Related on yazdchilaw.com: California §132a workers' comp retaliation pillar · Carthay workers' comp retaliation · Reseda workers' comp retaliation · Crenshaw workers' comp lawyer · California Labor Code §132a (workers' comp retaliation).
Injured at work? Call (661) 273-1780
Tap to call →Crenshaw retaliation petitions are heard at the Los Angeles WCAB; the firm appears there regularly on Crenshaw Boulevard small-business and Metro K Line files.
An injured Crenshaw worker filing a §132a Petition for Discrimination deals with the Los Angeles district WCAB at 320 W 4th Street, the employer's defense counsel, the Cal/OSHA whistleblower-protection program if the discriminatory act followed a safety complaint, and the California Department of Industrial Relations Division of Labor Standards Enforcement for wage-and-hour cross-claims. Crenshaw is a historically Black South LA commercial spine running along Crenshaw Boulevard — small-business retail, restaurant, and Metro K Line operations are the dominant occupational verticals.
Crenshaw §132a Petitions for Discrimination are filed and heard at the Los Angeles WCAB at 320 W 4th Street. Yazdchi Law appears at the Los Angeles WCAB on §132a petitions for Crenshaw workers regularly — and litigates the burden-shifting causation analysis on the trial record.

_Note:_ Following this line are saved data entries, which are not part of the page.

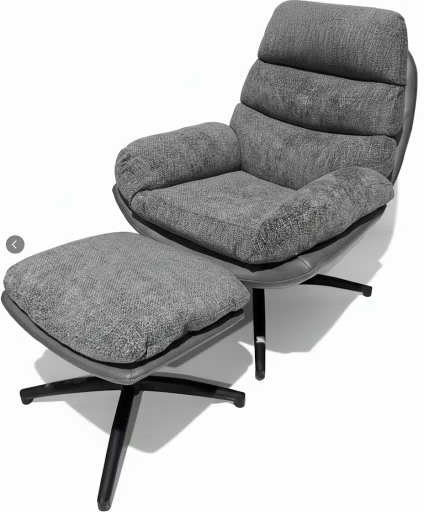 Fotelja sa tabureom Elegance Siva/Crne noge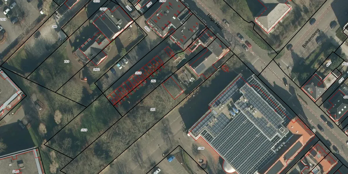 Het perceel waarop Hoge Ham 48-A staat heeft een oppervlakte van 1750 m². Dit is een zeer groot perceel. De perceeloppervlakte wordt geregistreerd door het Kadaster. Gedetailleerde informatie over de maten van dit perceel kunt u vinden in het rapport Kadastrale kaart met maatvoering van Hoge Ham 48-A.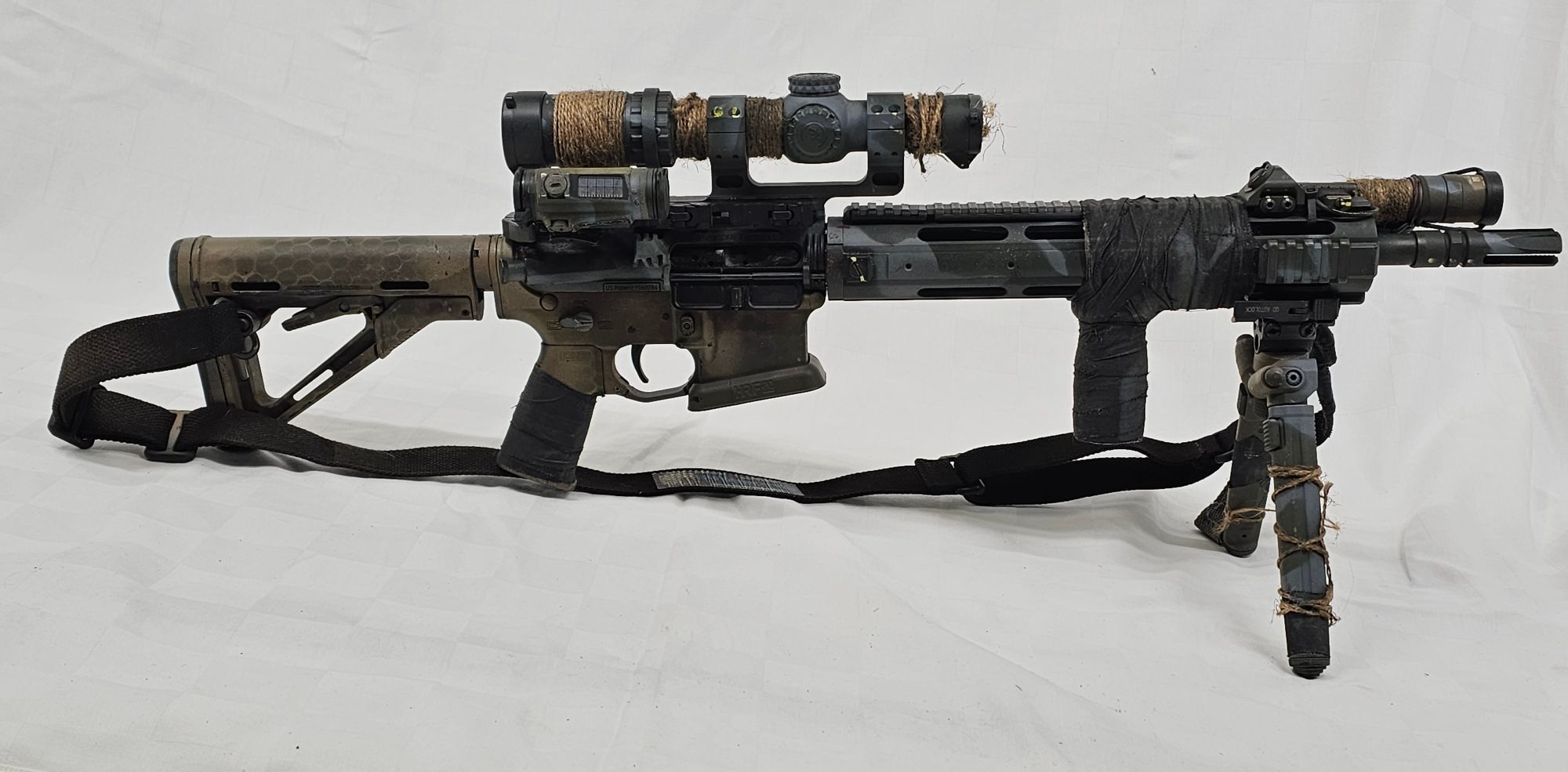 COMES WITH LONG RANGE OPTICS, HOLOSUN RED DOT SIGHT, FORE GRIP, SHORT LEG BIPOD, TACTICAL FLASHLIGHT, CUSTOM PAINT JOB, ADDITIONAL BARREL BARREL

The Crenshaw §132a caseload follows the city's industry verticals: Crenshaw Boulevard small-business retail and restaurant workers, Baldwin Hills Crenshaw Plaza retail and food-service workers, Metro K Line construction and operations staff, and the South LA clinical commuter workforce. Restaurant, retail, warehouse, and clinical-staff verticals produce the most §132a petitions — the workers in these verticals are most often terminated shortly after filing a workers' compensation claim, and the temporal proximity supports the causation element.

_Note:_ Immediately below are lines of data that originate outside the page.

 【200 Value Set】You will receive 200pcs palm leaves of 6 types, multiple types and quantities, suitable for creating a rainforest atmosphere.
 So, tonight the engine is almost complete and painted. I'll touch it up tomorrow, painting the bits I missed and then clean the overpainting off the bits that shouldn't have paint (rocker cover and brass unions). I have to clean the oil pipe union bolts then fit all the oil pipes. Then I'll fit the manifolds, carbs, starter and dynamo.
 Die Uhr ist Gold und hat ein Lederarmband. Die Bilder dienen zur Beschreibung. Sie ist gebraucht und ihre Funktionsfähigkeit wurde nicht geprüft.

One year from the date of the discriminatory act under California Labor Code §132a. The clock runs from the date of the firing, demotion, or other adverse action — not the date the workers' compensation claim was filed. Missing the one-year California Labor Code §132a clock ends the discrimination case forever — even if the underlying workers' compensation claim is still open. Yazdchi Law calendars the §132a clock the day the discriminatory act is reported.
For a serious work injury in Crenshaw, call 911. Kaiser Permanente West Los Angeles on Cadillac Avenue is the closest acute-care emergency department. Cal/OSHA reporting rules require the employer to notify Cal/OSHA within 8 hours of any work-related death, serious hospitalization, amputation, or loss of an eye.
Last reviewed by Eman Yazdchi, Esq., June 2026.